[Saved data entries]
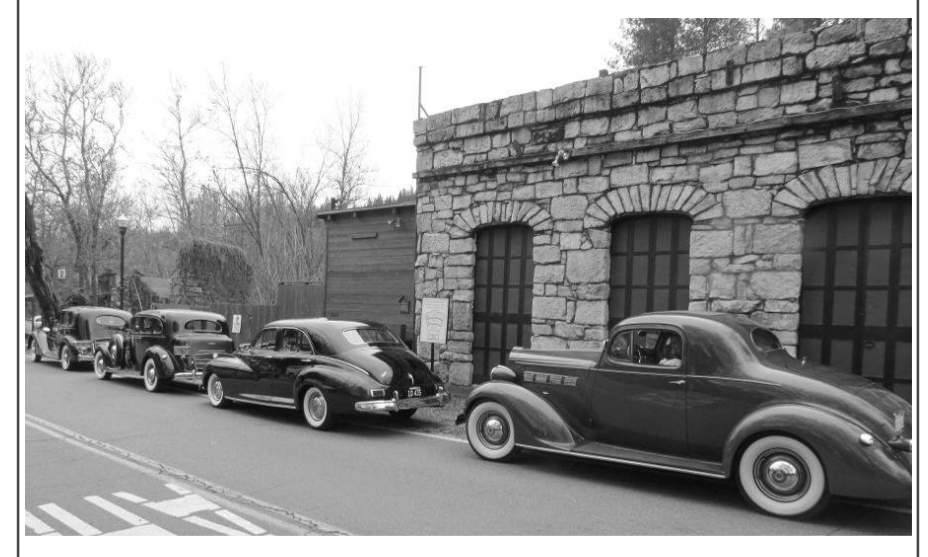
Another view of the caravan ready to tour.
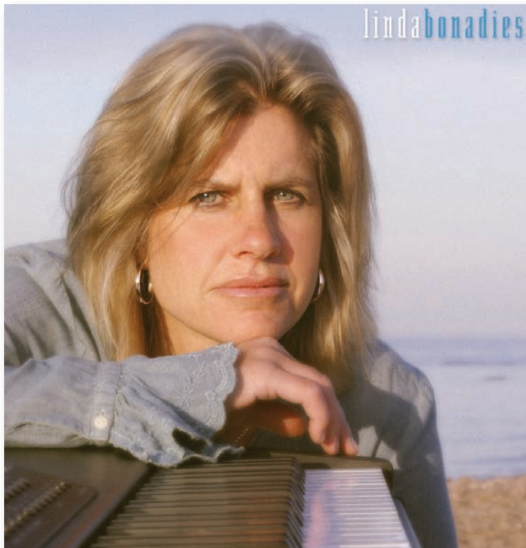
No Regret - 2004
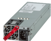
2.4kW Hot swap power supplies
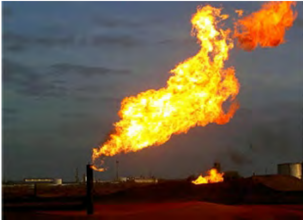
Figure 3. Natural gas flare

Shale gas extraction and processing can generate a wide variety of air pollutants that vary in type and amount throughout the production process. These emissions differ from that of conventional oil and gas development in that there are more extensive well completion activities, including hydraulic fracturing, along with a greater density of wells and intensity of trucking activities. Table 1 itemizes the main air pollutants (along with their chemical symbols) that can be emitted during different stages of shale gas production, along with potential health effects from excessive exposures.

--

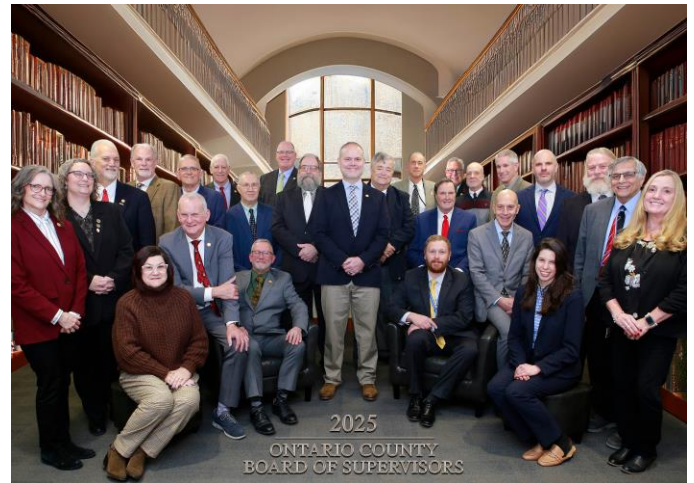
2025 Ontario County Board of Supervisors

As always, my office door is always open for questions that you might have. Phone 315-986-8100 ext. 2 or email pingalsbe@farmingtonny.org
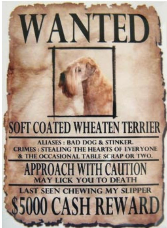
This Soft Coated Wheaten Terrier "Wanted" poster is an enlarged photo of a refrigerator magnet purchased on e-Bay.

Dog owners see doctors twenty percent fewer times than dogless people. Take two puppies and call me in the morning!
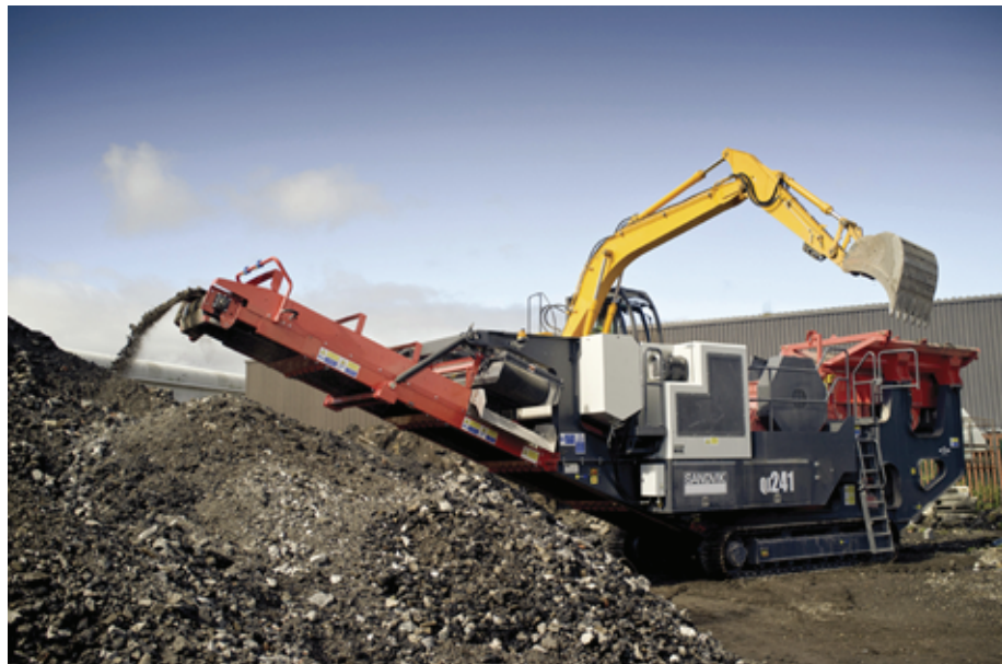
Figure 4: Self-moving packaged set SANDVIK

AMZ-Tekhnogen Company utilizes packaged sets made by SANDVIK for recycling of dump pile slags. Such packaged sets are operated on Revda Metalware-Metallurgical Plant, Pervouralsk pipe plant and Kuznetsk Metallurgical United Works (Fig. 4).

* _WORK INSTRUCTION_
Look above for the line with "2025 Ontario County Board of Supervisors" and the line with "Figure 4: Self-moving packaged set SANDVIK". Give again exactly those two lines and all lines between them, pictures excluded.

* _SOLUTION BELOW_
2025 Ontario County Board of Supervisors

As always, my office door is always open for questions that you might have. Phone 315-986-8100 ext. 2 or email pingalsbe@farmingtonny.org
This Soft Coated Wheaten Terrier "Wanted" poster is an enlarged photo of a refrigerator magnet purchased on e-Bay.

Dog owners see doctors twenty percent fewer times than dogless people. Take two puppies and call me in the morning!
Figure 4: Self-moving packaged set SANDVIK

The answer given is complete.